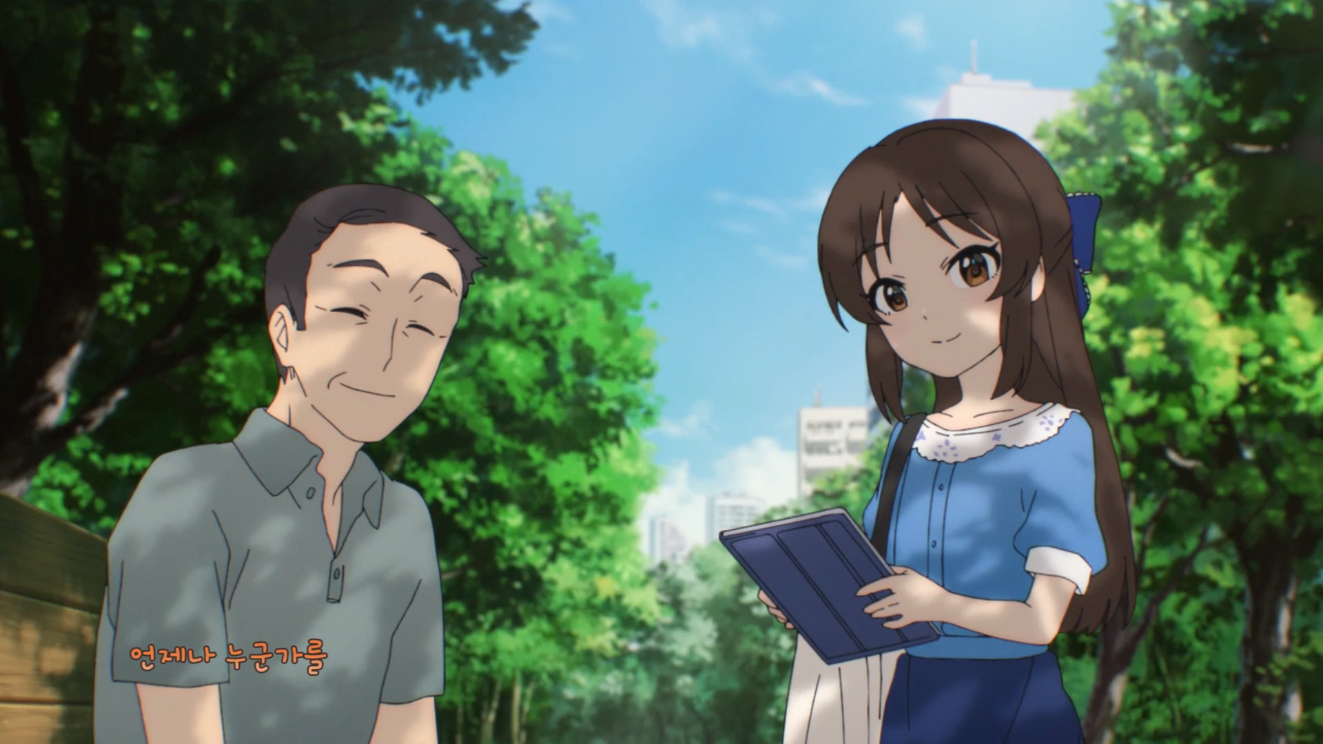 仁奈ちゃんが事務所に行く道中、 近所の人たちが皆仁奈ちゃんに挨拶を交わします。
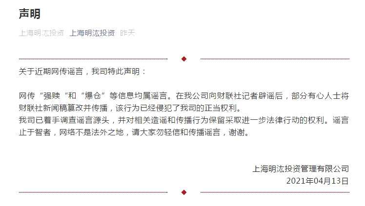明汯投資稱,在公司向媒體辟謠后,部分有心人士將新聞稿篡改并傳播,該行為已經(jīng)侵犯公司的正當(dāng)權(quán)利。公司已著手調(diào)查謠言源頭,并對相關(guān)造謠和傳播行為保留采取進(jìn)一步法律行動(dòng)的權(quán)利。明汯投資表示,謠言止于智者,網(wǎng)絡(luò)不是法外之地,請大家勿輕信和傳播謠言。
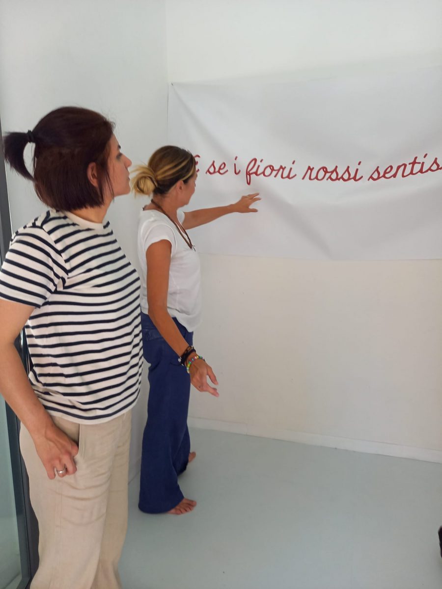 Da una parte una memoria irrisolta che risale al ventennio fascita, dall’altra il presente terribile del popolo iraniano e la sua lotta per il riconoscimento di molti diritti umani fondamentali. A partire da questi due punti sono avvenuti l’incontro e la condivisione, per arrivare all’installazione pensata specificamente per lo spazio espositivo: fiori rossi di garza a terra e sospesa una scritta a lettere rosse su stoffa bianca: “e se i fiori rossi sentissero freddo?” Una frase poetica che suona al contempo lieve e densa, e che rimanda, tra le altre, a una considerazione importante seppur spesso negletta. Perché noi tendiamo a usare i simboli senza tener conto della fragilità che sta a esatto corrispettivo della loro potenza. Prendiamo proprio il caso dei fiori. Sul ricorso che se ne fa, deve influire la coscienza, più o meno emersa, del rapporto tra l’avvenenza e la caducità: il fatto che la loro bellezza risulta persino esaltata dalla breve vita.

### INSTRUCTIONS TO FOLLOW
Copy every line above exactly; images stay out.

### WRITTEN ANSWER
 仁奈ちゃんが事務所に行く道中、 近所の人たちが皆仁奈ちゃんに挨拶を交わします。
明汯投資稱,在公司向媒體辟謠后,部分有心人士將新聞稿篡改并傳播,該行為已經(jīng)侵犯公司的正當(dāng)權(quán)利。公司已著手調(diào)查謠言源頭,并對相關(guān)造謠和傳播行為保留采取進(jìn)一步法律行動(dòng)的權(quán)利。明汯投資表示,謠言止于智者,網(wǎng)絡(luò)不是法外之地,請大家勿輕信和傳播謠言。
 Da una parte una memoria irrisolta che risale al ventennio fascita, dall’altra il presente terribile del popolo iraniano e la sua lotta per il riconoscimento di molti diritti umani fondamentali. A partire da questi due punti sono avvenuti l’incontro e la condivisione, per arrivare all’installazione pensata specificamente per lo spazio espositivo: fiori rossi di garza a terra e sospesa una scritta a lettere rosse su stoffa bianca: “e se i fiori rossi sentissero freddo?” Una frase poetica che suona al contempo lieve e densa, e che rimanda, tra le altre, a una considerazione importante seppur spesso negletta. Perché noi tendiamo a usare i simboli senza tener conto della fragilità che sta a esatto corrispettivo della loro potenza. Prendiamo proprio il caso dei fiori. Sul ricorso che se ne fa, deve influire la coscienza, più o meno emersa, del rapporto tra l’avvenenza e la caducità: il fatto che la loro bellezza risulta persino esaltata dalla breve vita.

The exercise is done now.